Philosophical musings: interpreting models

Alaric Williams alaric@alaric-williams.com
Thu, 9 Sep 1999 11:11:36 +0100 (BST)


On Thu, 9 Sep 1999, Jim Little wrote:

> I agree that portable software will always be partly the responsibility
> of the programmer.  The programmer has to think about what he codes and
> use the most general solution he can.  But I think what you're saying
> about library design applies equally well to language design. 
> Furthermore, I think high-level languages are preferable to high-level
> libraries.  The reason is that a compiler can't understand the semantics
> of a library, but it CAN understand the semantics of a new keyword.  The
> more a compiler understands, the more flexibility it has in producing
> code, and that translates to optomization and portability.
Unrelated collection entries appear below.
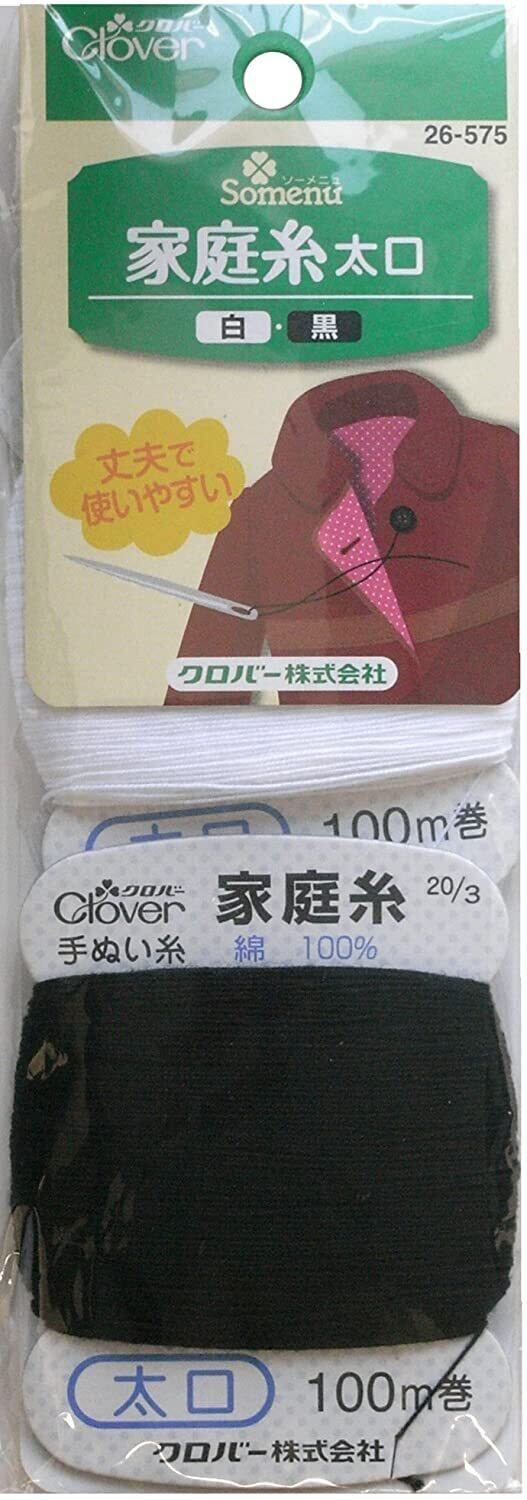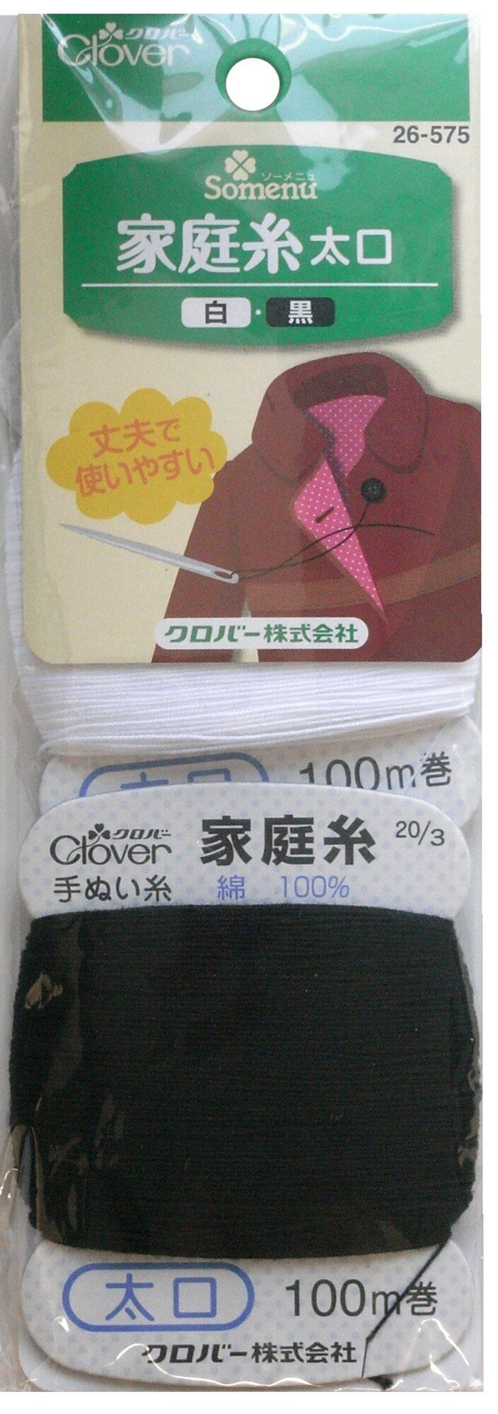 Clover 家庭糸 太口 100m巻 各1個入り 白・黒 26-575
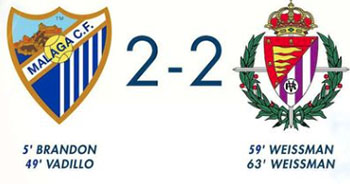 De tweede helft was amper vier minuten oud of Málaga liet een tweede treffer optekenen. Deze kwam op naam van Álvaro Vadillo: 2-0. Toch slaagde de thuisclub er niet in de winst over de streep te trekken. Shon Weissman bracht met twee doelpunten (in de 59ste en 63ste minuut) Valldolid langszij, met een 2-2 eindstand als gevolg.
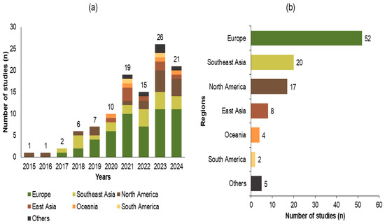 Annual publication trends (a) and regional distribution (b) of studies included in the review.
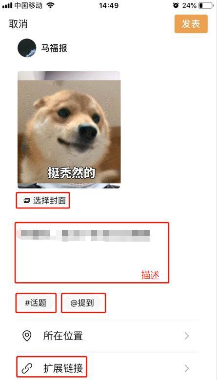 当前,短视频功能下,除基本剪辑功能外,有添加话题、@其他视频号、位置标记、扩展链接 4 个主要功能,支持选择封面,扩展链接当前仅支持公众号文章链接。
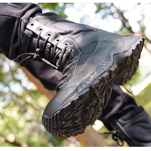 Men Military Tactical Shoes Outdoor Combat Boots Breathable Walking Boots Camping Lace-up Boots Trekking Hiking,Black-44 4
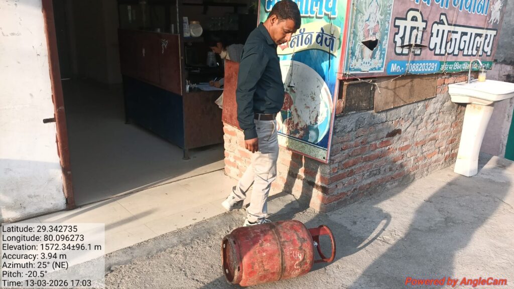 जनपद में घरेलू गैस सिलेंडरों के अवैध व्यावसायिक उपयोग तथा कालाबाजारी पर रोक लगाने के लिए जिला प्रशासन ने सख्त रुख अपनाया है। जिलाधिकारी श्री मनीष कुमार के निर्देशों के अनुपालन में शुक्रवार को तहसीलदार चम्पावत श्री बृजमोहन आर्या के नेतृत्व में पूर्ति विभाग एवं राजस्व विभाग की संयुक्त टीम द्वारा चम्पावत मुख्य बाज़ार क्षेत्र में विभिन्न व्यावसायिक प्रतिष्ठानों—होटल, रेस्टोरेंट एवं ढाबों—पर औचक छापेमारी की गई।
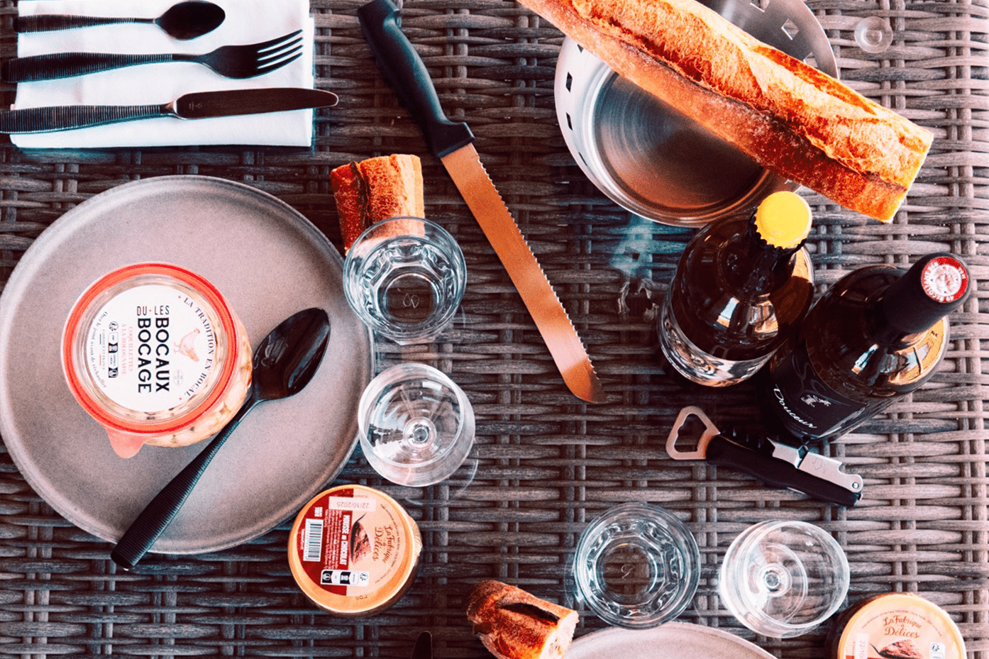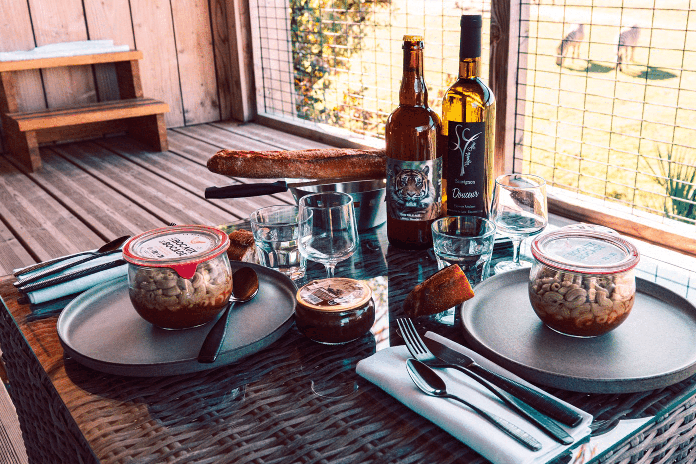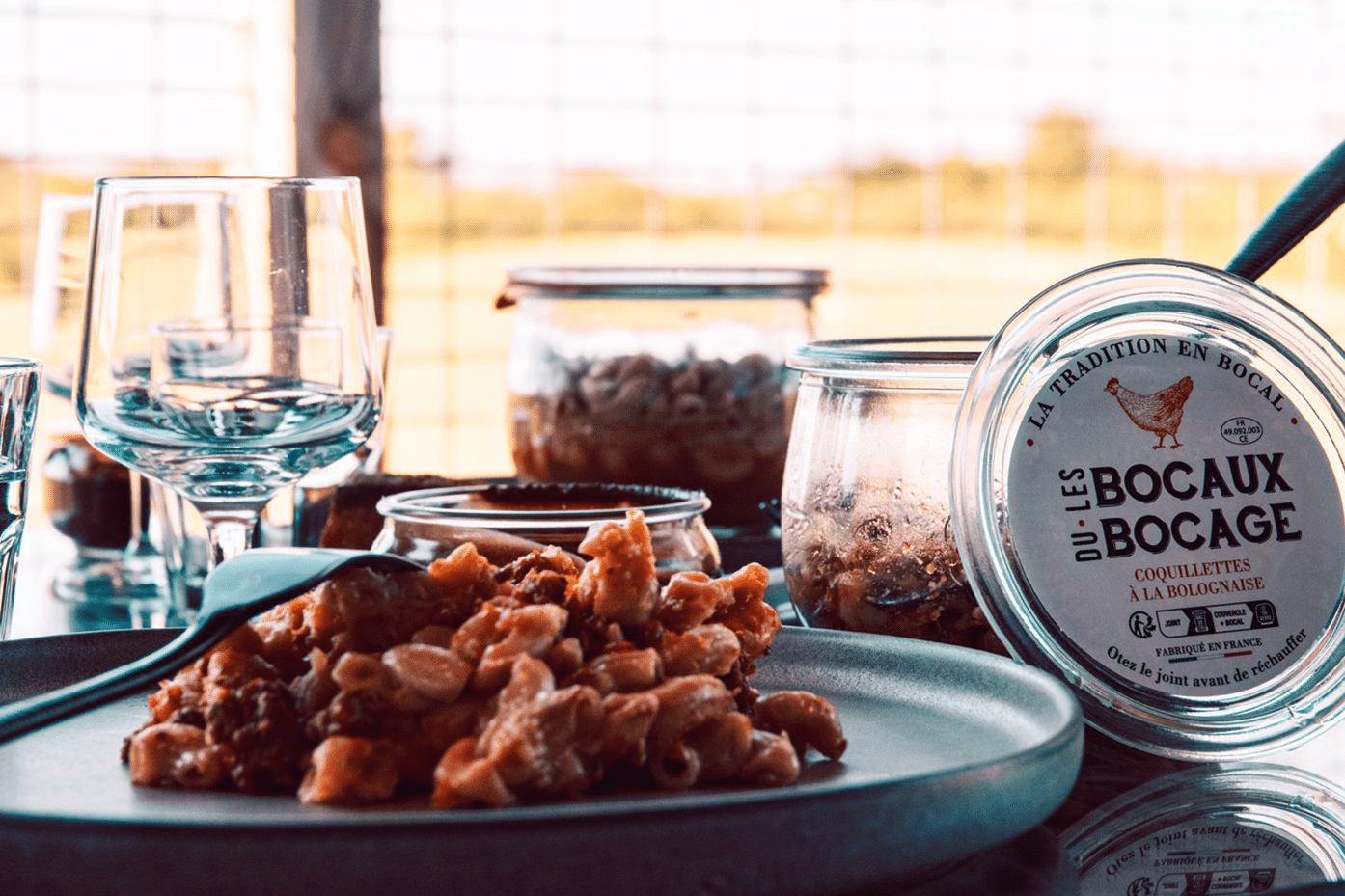 Votre plateau dîner comprend : votre sélection apéritive, plat préparé avec amour par notre partenaire les « Bocaux du Bocage », dessert et boissons.

What, though, about designing a very simple language of atomic constructs
that can be easily theorised about etc. then defining a high level
powerful standard library in terms of that, BUT make sure that smarter
compiles can treat the standard library as special code generation cases
(this is hard in Scheme because IIRC you can theoretically assign your own
function to the symbol + and mess everything up :-)? Then you can:

1) Bootstrap a system on new architecture by just writing the simple
compiler and using standard source-code libraries

2) Later port the backend of a complex optimising compiler that deals with
most, of not all, of the standard library as fundamental syntactic
constructions, and implementing the rest in terms of special syntactic
constructs designed to allow hardware implementation of certain operations
internal to the remaining library functions

3) To prove properties, either try to prove the correctness of your
optimising compiler in terms of it being identical to the standard library
based on the axioms of your basic language, or prove/assume the
correctness of the simple compiler and use the standard library.